● What you need to do
Beneath this line are entries. Copy the range from the line with "Singschwäne zwischen rastende" to the line with "6月16日10時(shí),記者探訪運(yùn)動(dò", ends included, exactly; leave pictures out.

● Supplied information
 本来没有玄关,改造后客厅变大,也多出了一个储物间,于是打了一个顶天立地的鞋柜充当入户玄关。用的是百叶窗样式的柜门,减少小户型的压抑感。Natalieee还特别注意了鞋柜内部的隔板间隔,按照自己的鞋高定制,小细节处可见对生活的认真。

---

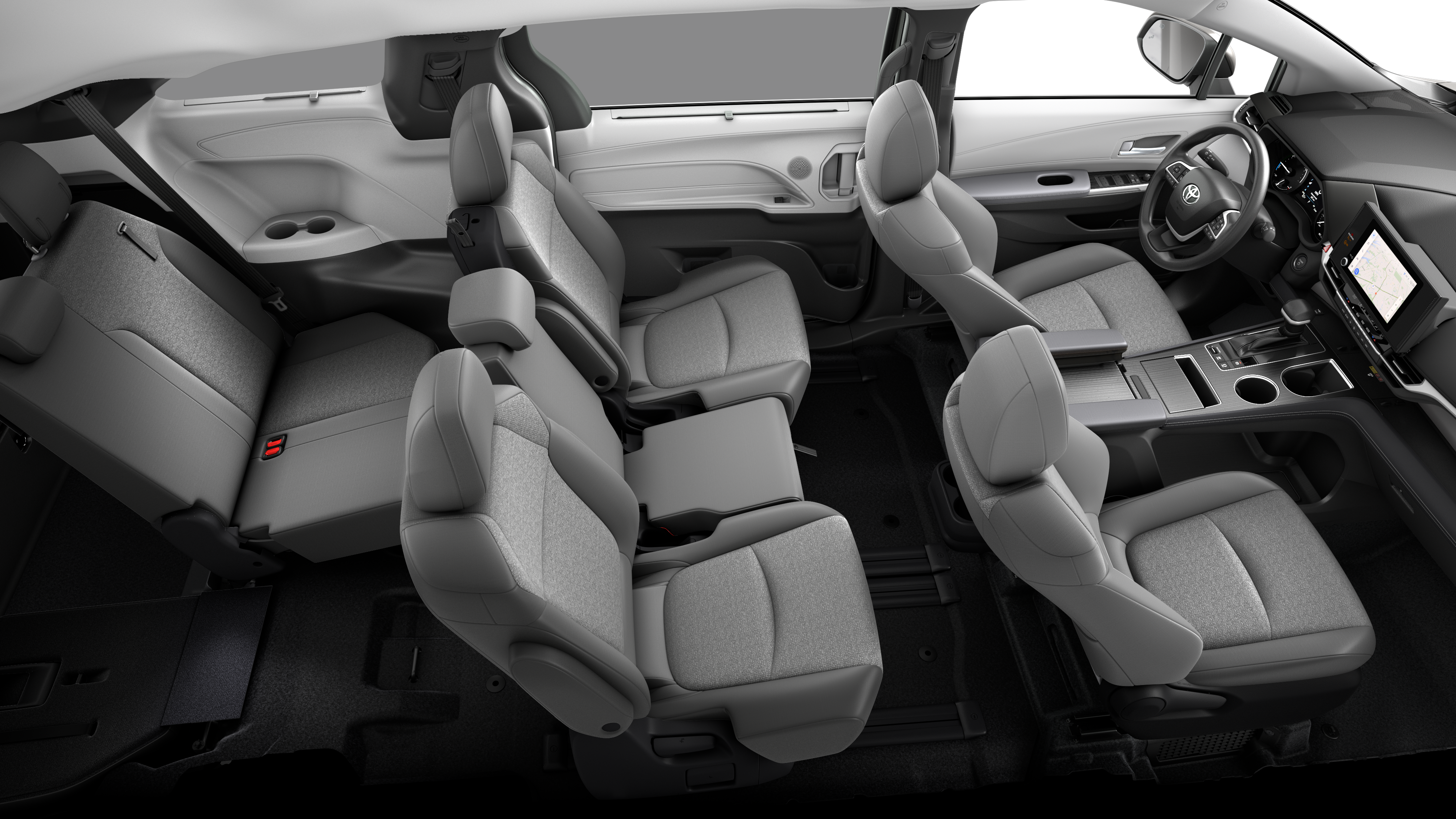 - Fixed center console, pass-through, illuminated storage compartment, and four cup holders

---

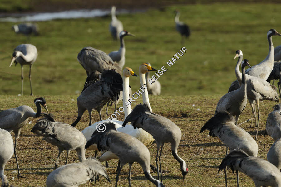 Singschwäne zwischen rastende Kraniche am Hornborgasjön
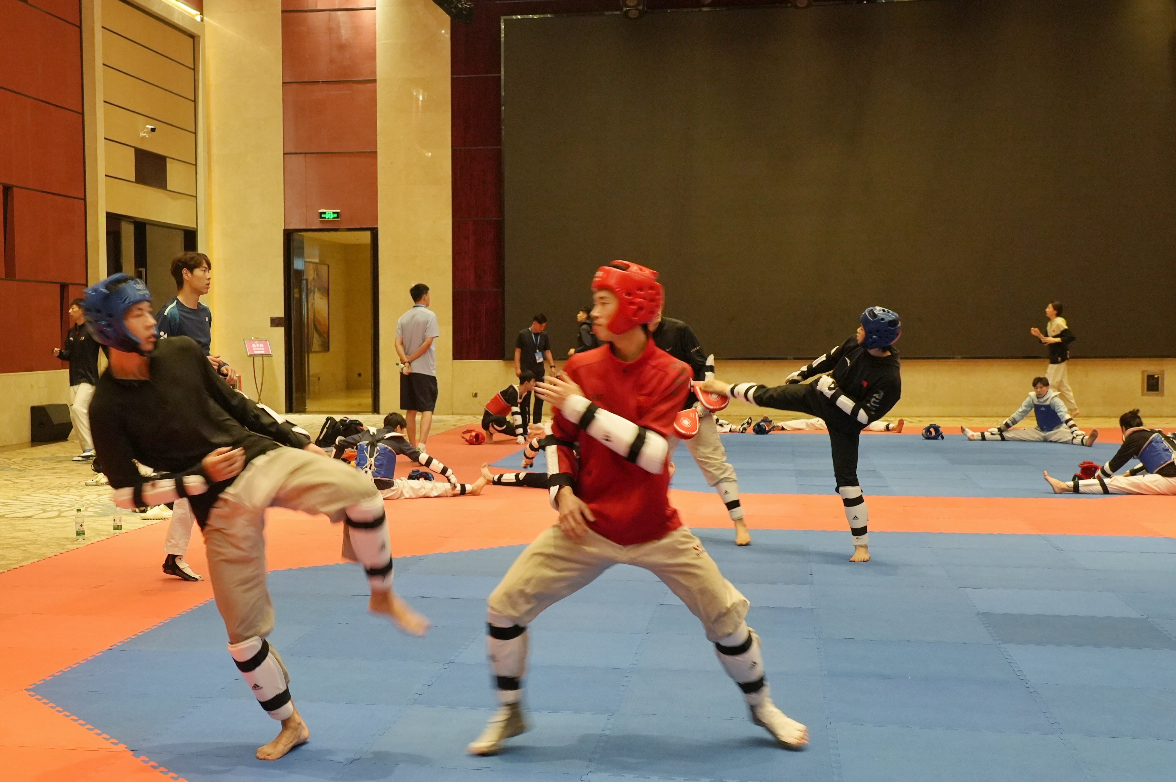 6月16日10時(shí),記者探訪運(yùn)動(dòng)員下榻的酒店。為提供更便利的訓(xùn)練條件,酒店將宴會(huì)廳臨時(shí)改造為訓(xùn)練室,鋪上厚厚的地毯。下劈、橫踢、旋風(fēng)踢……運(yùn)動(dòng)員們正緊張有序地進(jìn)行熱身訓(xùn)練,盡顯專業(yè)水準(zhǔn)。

● Worked solution
 Singschwäne zwischen rastende Kraniche am Hornborgasjön
 6月16日10時(shí),記者探訪運(yùn)動(dòng)員下榻的酒店。為提供更便利的訓(xùn)練條件,酒店將宴會(huì)廳臨時(shí)改造為訓(xùn)練室,鋪上厚厚的地毯。下劈、橫踢、旋風(fēng)踢……運(yùn)動(dòng)員們正緊張有序地進(jìn)行熱身訓(xùn)練,盡顯專業(yè)水準(zhǔn)。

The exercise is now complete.